InDesign losing style settings when pasting text to new document; text with unidentified overrides

  • January 4, 2024
  • 4 replies
  • 9867 views

I have a 300-page file of mostly text that gets revised and updated every few years. Sometimes I need to copy text out of the file and into a new document. I am having trouble that InDesign does weird things with the text styles when I copy it. Sometimes the text appears the same as the orginal, but it has style overrides on that should not be there. I don't want to clear all overrides, becasue there are places that overrides are needed. Here is what I have tried so far:

  1. Checked that all the styles are based on "no paragraph style." (They are now, but they weren't originally.)
  2. Checked the "basic paragraph style" for anything strange. (It was set to a font that no longer existed. I updated it to the same as my current standard.

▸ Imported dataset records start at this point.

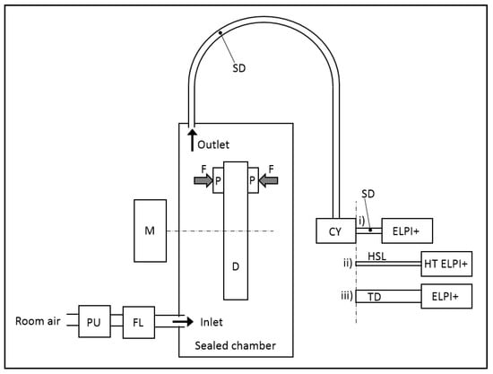 Schematic of the experimental setup. PU: pump; FL: HEPA filter; D: disc; M: motor; P: pad; F: force; SD: sampling ducts, CY: cyclone; HSL: heated sampling line; HT ELPI+: cascade impactor operating at high temperature; ELPI+: standard cascade impactor; and TD: thermodenuder.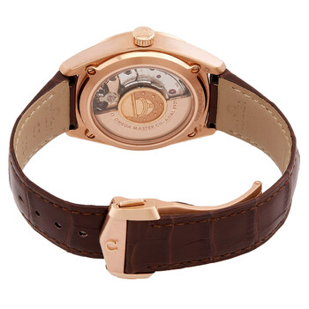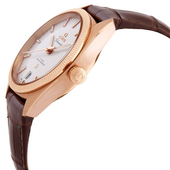 18kt sedna gold case with a brown leather strap. Fixed, fluted rose gold-tone bezel. Silver dial with rose gold-tone hands and index hour markers. Minute markers around the outer rim. Dial Type: Analog. Luminescent hands and markers. Date display at the 6 o'clock position. Omega Calibre 8901 automatic movement with a 60-hour power reserve. Scratch resistant sapphire crystal. Transparent case back. Round case shape. Case size: 39 mm. Band width: 20 mm. Water resistant at 100 meters / 330 feet. Functions: date, hour, minute, second, co-axial escapement, chronometer. Luxury watch style. Watch label: Swiss Made. Omega Constellation Globemaster Automatic Chronometer Silver Dial Men's Leather Watch 130.53.39.21.02.001.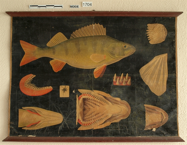 Per a il·lustrar aquest article hem triat una de les làmines que, tot i que no és de les més maques, està en prou bon estat i es veu prou bé en blanc i negre. La coloració que té és molt especial (tons de verd, vermell i marró molt suaus sobre el fort fons negre). Es tracta de l’esquema d’una perca (Perca fluviatilis), voltada dels dibuixos de diverses parts del seu cos.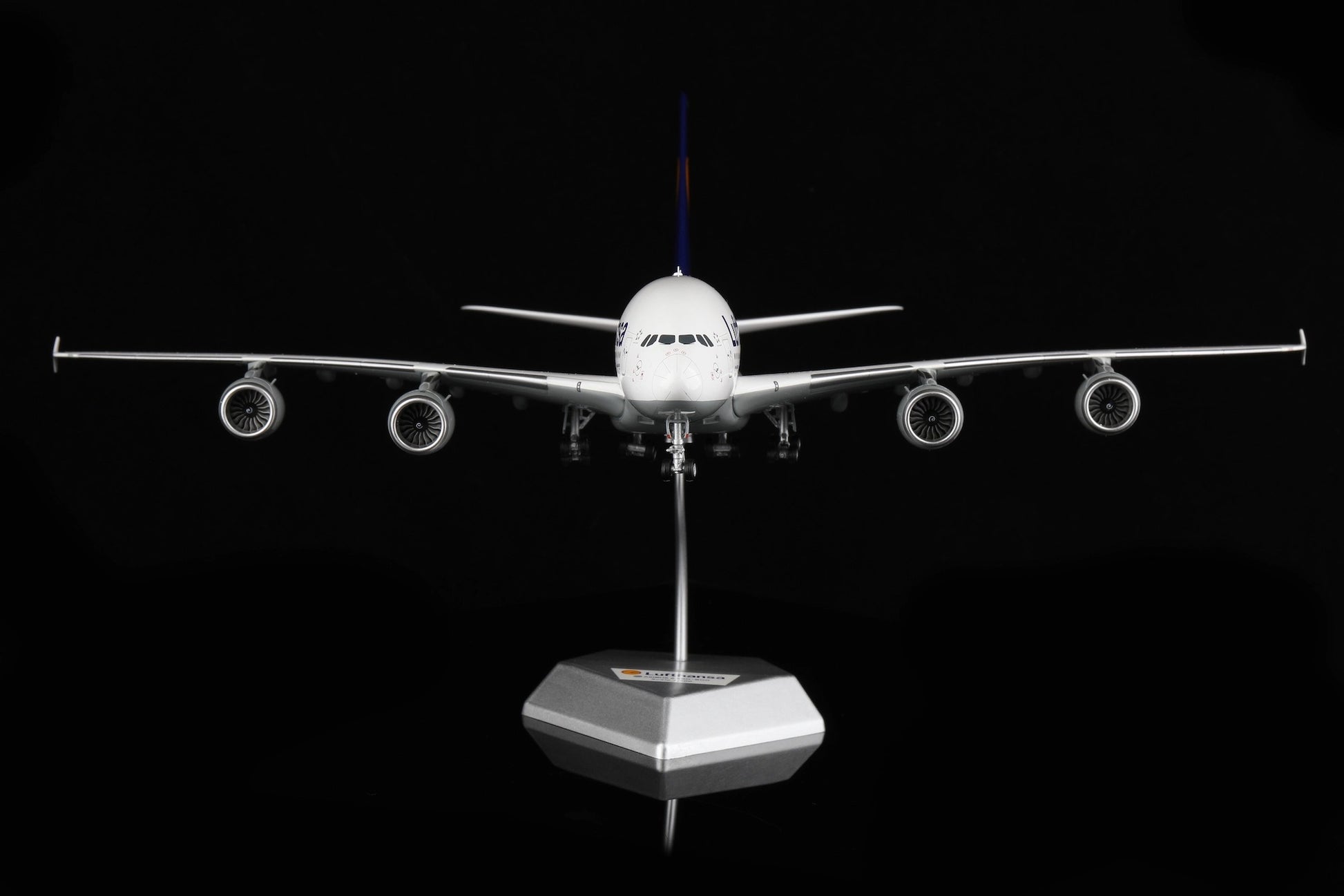 This highly detailed model captures the size and presence of the Airbus A380 with SQ Wings’ signature precision. Crafted from quality diecast metal, the model features an accurate Lufthansa livery with its bold blue tail and yellow crane logo, realistic surface detailing, finely printed windows, doors, and markings, as well as detailed engines and landing gear. Collectors will appreciate its sturdy construction, realistic proportions, and elegant finish that make it an eye-catching centerpiece in any aviation collection.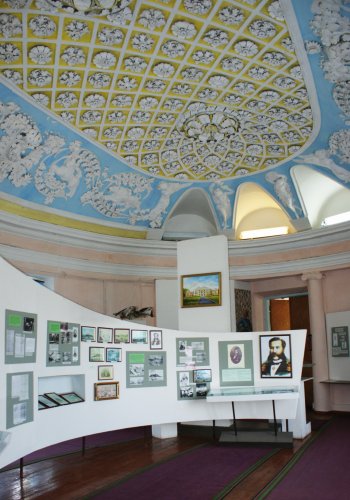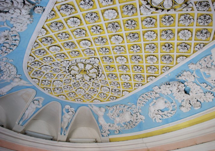 Про мистецьку цінність художнього оздоблення парадних приміщень палацу можуть свідчити дві зали, що збереглися донині в не вельми зміненому стані. Обидві знаходяться в лівому південному крилі, де нині діє музей. Перша з них, овальна. Її покрито розетками у вигляді різних квітів. З двох розміщених по боках великих розеток, скомпонованих із листя дубу й оточених вінком із листя аканта, колись звисали, ймовірно, кришталеві люстри. Плафон оточений широким фризом, в якому як повторювальні мотиви використані звисаючі зі стегна крилатої богині перемоги Ніки гілочки аканта, з вплетеними в них левицею та левом, алегорією сили. Обидва вужчі краї фризу, над дверними отворами, поділені на три трикутні панелі, обрамлені профільованими рамками. Між ними на низьких постаментах стоять: богиня весни Флора, вбрана у квітковий вінок, та богиня вічної молодості Геба, виконуюча на Олімпі роль виночерпія.

This seems significant, because the one override is that the font style is set to "Roman," which is what that old font called for, but which is not available for most fonts.)
  3. Did a find and replace in the copied text to replace "Roman" style with "Regular." (InDesign still showed overrides, either unidentified or with "Roman.")
  4. Recreated the file using the idml method. (This significantly reduced its size, but did not fix the copying error.)
  5. Recreated a problem paragraph style and tested it. (It made no difference.)

 

What do you think? Is this a bug in InDesign? (I think it has happened with other files, but this is the one I've tested the most.) What else shall I try? The file has likely been converted from Quark, but that was before I was involved with the project. The file appears to have "code" in it that it doesn't know what to do with. I've noticed similar unidentified overrides when a file has text copied or imported from an html source. The only way I know to solve that is to clear all the overrides before I begin formatting or else I will have a hopelessly messy file at the end. Would it be possible to write a script to clear all styling not explicitly defined by the paragraph style but retaining purposeful overrides? Any other ideas?

Correct answer rob day

Hi @Bethany24827540qilv , I can see that none of your styles are based on [Basic Paragraph], so there is a corruption in your file causing the problem that saving as IDML does not fix.

 

Normally the default [No Paragraph Style] can not be edited either via the UI or scripting, but there have been reported cases like yours where it gets altered—it might be the file originated from Quark or a very early version of InDesign?

 

In your document the [No Paragraph Style] applied font is Times Roman and not Minion pro. If I run this script on your document:

 

 

 

var s = app.activeDocument.allParagraphStyles
alert(s[0].name + "\r Font: "  + s[0].appliedFont.name+"\r Style: "  + s[0].fontStyle) 

 

 

 

 

 

I get this—the [No Paragraph Style] font is Times and the style is Roman:

 

 

 

 

 

 

 

But if I create a new document I get the expected Minion Pro Regular—InDesign will not let me alter [No Paragraph Style] in either case:

 

 

 

 

This is causing the behavior you might expect when cutting and pasting between documents where the style has been Based On [Basic Paragraph], but the document’s [Basic Paragraph] styles are not the same.

 

I think a solution might be to edit the IDML file’s Styles.xml and restore the [No Paragraph Style] definition to the InDesign default. Do a search for editing IDM, e.g:

 

https://opensource.com/article/18/7/adobe-indesign-open-source-tools

 

 

4 replies

Community Expert
July 31, 2024

@rob day said: "… In your document the [No Paragraph Style] applied font is Times Roman and not Minion pro. "

 

Well yes, that's exactly the symptom that the InDesign document was once created with a version before CS5 Version 7.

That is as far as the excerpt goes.